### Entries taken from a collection
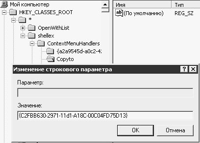 Для того, чтобы включить функцию Копировать в папку в локальное меню Проводника, необходимо в разделе системного реестра HKEY_CLASSES_ROOT*shellexContextMenuHandlers создать подраздел Copyto и присвоить параметру По умолчанию значение {C2FBB630–2971–11d1–A18C-00C04FD75D13} (см. рис. 2.5).
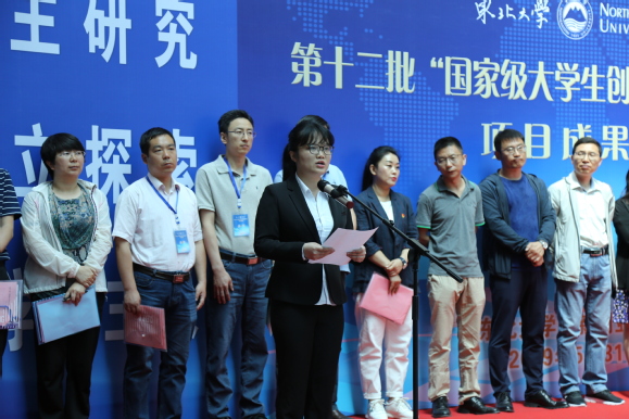 开幕式上,与会师生欢聚一堂,见证累累硕果,分享收获喜悦。来自《基于Keggin多酸的杂化材料的制备及抗生素吸附性能的研究》项目的陆薇同学代表本批项目的项目成员做结题发言,分享一年来的科研经历,展示项目进展与实施成效。校团委书记闫研,研究生院副院长兼党委研究生工作部部长刘宏林受邀为东北大学第三届科研日志评选大赛一等奖获奖选手颁奖。165个参展项目现场展示了项目研究成果,涉及创意设计、新能源、新材料、软件开发、绿色冶金、生物医学、电子信息、虚拟现实、机器人等多个领域,吸引了大批师生驻足观看。
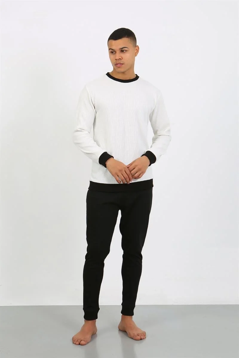Çamaşır Kenti markasının şıklığı ve rahatlığı bir araya getirdiği Erkek Uzun Kol Manşetli Paça Penye Pijama Takımı Beyaz, gecelerinize konfor katacak.
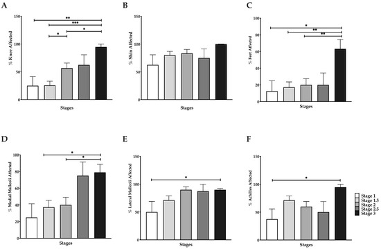 Additionally, our data show an increase in the percentage of fat around the medial malleolus from Stage 1.5 to Stage 3 (p = 0.02, Figure 4D), and from Stage 2 to Stage 3 (p = 0.048, Figure 4D). We also observed a significant increase in fat around the lateral malleolus between Stage 1 and Stage 3 (p = 0.0138, Figure 4D). Finally, fat accumulation around the Achilles tendon significantly increased from Stage 1 to Stage 3 (p = 0.026, Figure 4F).
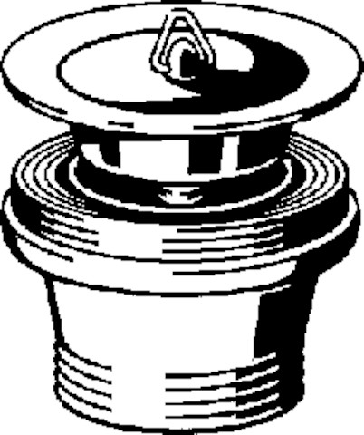 Zawór odpływowy. Przeznaczenie: zlewozmywak. Wyposażenie: Górna część zaworu ze stali nierdzewnej, korek do zaworu z ogniwem trójkątnym, dolna część zaworu z tworzywa sztucznego, nr wzoru 7432, nr kat. 102 678, G: 1½ Ø: 70 wysokość zabudowy dolnej części zaworu: 40
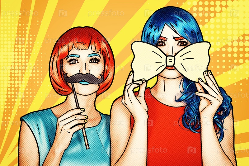 Женщины в красных и синих париках. Девушки с желтым галстуком-бабочкой и накладными усами
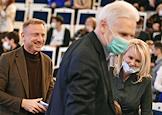 Совместный проект Московской филармонии, ММОМА и Aksenov Family Foundation "Русская музыка 2.1". Мировые премьеры произведений композиторов-лауреатов в Концертном зале П.И.Чайковского. Помощник президента России Андрей Фурсенко перед началом концерта.
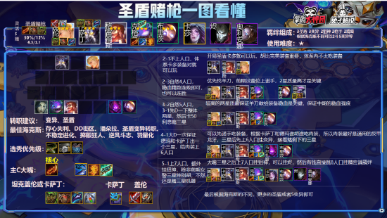 圣盾赌枪现在赌的方式和以前有所不同,核心在于跟着高分段节奏走的几波提速和后期挂高质量卡这些方面,让圣盾赌枪的强度上限更高,节奏更快,只要是比较胡圣盾的卡,不论什么变异都是可以赌枪的。
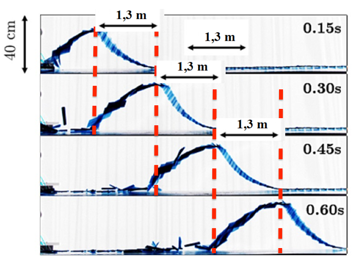 Pour constituer le croisillon (figure 2 ci-dessous), les bâtonnets se déforment avec des fléchissements qui sont de l’ordre de leur épaisseur (figure 3 ci-dessous), mais qui retrouvent leur forme initiale une fois libérés. Initialement, ils stockent ainsi non pas de l’énergie potentielle de pesanteur mais de l’énergie potentielle élastique. Des chercheurs ont montré que l’onde cobra résultait d’une propulsion par réaction, dans laquelle le « carburant » est cette énergie potentielle élastique stockée dans les déformations des bâtonnets et la propagation est assurée par leur éjection.
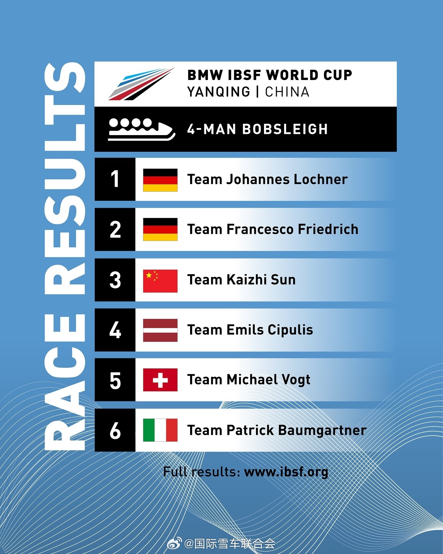 18日,在国际雪车联合会雪车和钢架雪车世界杯北京延庆站比赛中,由孙楷智、甄恒、丁嵩、叶杰龙组成的中国队在四人雪车第一次比赛中收获铜牌,创造中国队在该项目的世界杯最好成绩。中国组合第一轮滑出58秒58的好成绩,位列第一位。第二轮,中国队最后一位出发,成绩为58秒86,两轮滑行总成绩1分57秒44排名第三,中国组合最终收获一枚铜牌。这也是中国男子雪车获得的首枚世界杯奖牌。另一组中国选手李纯键、魏鹏、朱自龙和匙翔宇获得第七名。德国组合包揽冠亚军。

### Exercise goal
Would you set down only the lines above from the line with "Çamaşır Kenti markasının" to the line with "Additionally, our data", both included, exactly as they stand and without the pictures?

### Reply to the exercise
Çamaşır Kenti markasının şıklığı ve rahatlığı bir araya getirdiği Erkek Uzun Kol Manşetli Paça Penye Pijama Takımı Beyaz, gecelerinize konfor katacak.
 Additionally, our data show an increase in the percentage of fat around the medial malleolus from Stage 1.5 to Stage 3 (p = 0.02, Figure 4D), and from Stage 2 to Stage 3 (p = 0.048, Figure 4D). We also observed a significant increase in fat around the lateral malleolus between Stage 1 and Stage 3 (p = 0.0138, Figure 4D). Finally, fat accumulation around the Achilles tendon significantly increased from Stage 1 to Stage 3 (p = 0.026, Figure 4F).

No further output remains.